- Bank of America clients were net sellers of stocks for the fourth straight week.
- But while big-money investors ran for the door, retail clients were the most bullish in four months.
- Here are the only three sectors that saw net ETF inflows despite the bearish sentiment.
Wall Street hedge funds and institutional investors are getting anxious as stocks grind higher, and small-time retail investors are gladly buying the dip.
Money flowed out of stocks last week for the fourth straight week, and by a net $2 billion, according to Bank of America data released on July 19. Bank of America clients instead sought safety and flocked to fixed income via bonds, and they weren’t alone – US Treasury 10-Year Note yields sank to 1.3%.

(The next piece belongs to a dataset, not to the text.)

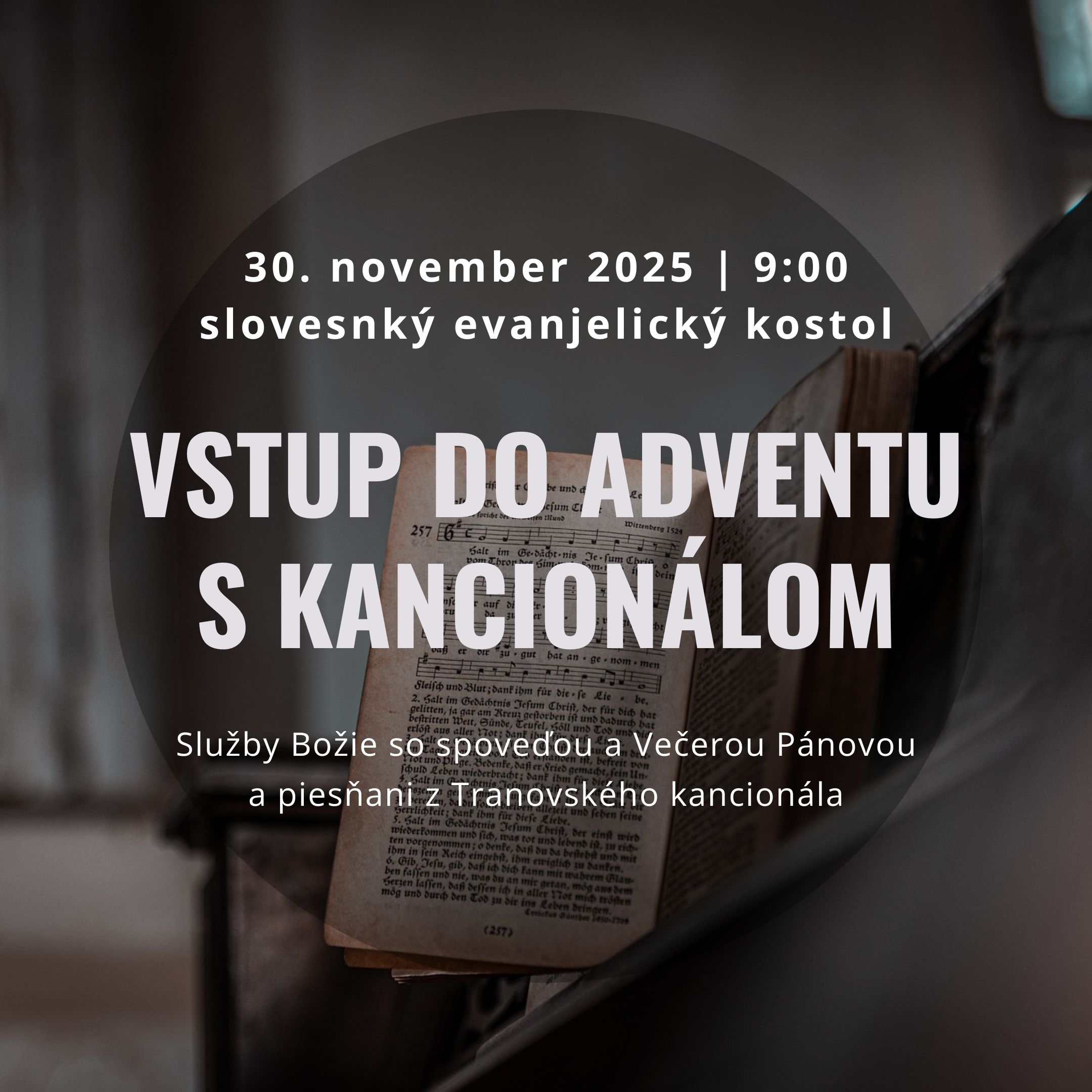 V nedeľu 30. novembra 2025 - 1. adventná nedeľa - pozývame o 9:00 do slovenského evanjelického kostola v Modre na služby Božie so spoveďou a Večerou Pánovou a piesňami z Tranovského kancionála

Net sales of US stocks among Bank of America clients last week hit their highest level in five weeks, but strategists led by Jill Carey Hall noted a clear dichotomy between increasingly nervous big-money clients and retail investors emboldened to buy the dip.
“Selling was driven by institutional clients (largest in three months) and hedge funds clients (largest in two weeks) while retail clients were the largest buyers in four months,” Hall wrote.
Money flowed out of equity exchange-traded funds (ETFs) for the first time in about three months and at the highest rate since October, but money flowed into fixed-income ETFs at the largest rate in four weeks. Curiously, stocks saw weekly inflows for the first time in two months. Passive investing via ETFs and mutual funds instead of individual stocks is a multi-year trend.
Broad market ETFs were sold last week at the highest rate since mid-March, while growth ETFs outflows were the highest since mid-January, the note read. Money also left blend and value ETFs, though the latter saw decelerating outflows from the prior week.
Bank of America clients got bearish on ETFs in eight of 11 sectors, including growth-focused sectors like Consumer Discretionary, Health Care, and Technology.
The three sectors that saw weekly inflows were Energy, Materials, and Real Estate. All three are inflation beneficiaries that thrived as the consumer price index came in higher than expected.
Small and mid-sized (SMID) companies generally outperform their large-cap peers early in economic expansions when inflation runs hot, as is the case now. Bank of America reiterated its preference for SMIDs over large caps, and clients last week took the bank's advice.
"Clients bought last week's SMID cap laggards with record flows into mid-caps and the biggest inflows into small caps since October 2020 while selling large caps by the most since mid-January," Hall wrote.
Stocks in six of 11 sectors saw net inflows, including cyclical sectors like Energy, Industrials, and particularly Financials, which saw its largest inflows since March 2020 on the back of last week's strong bank earnings.
By contrast, Bank of America clients ditched growth sectors like Healthcare, Technology, and Communications Services, the latter of which suffered its 14th-largest outflow on record.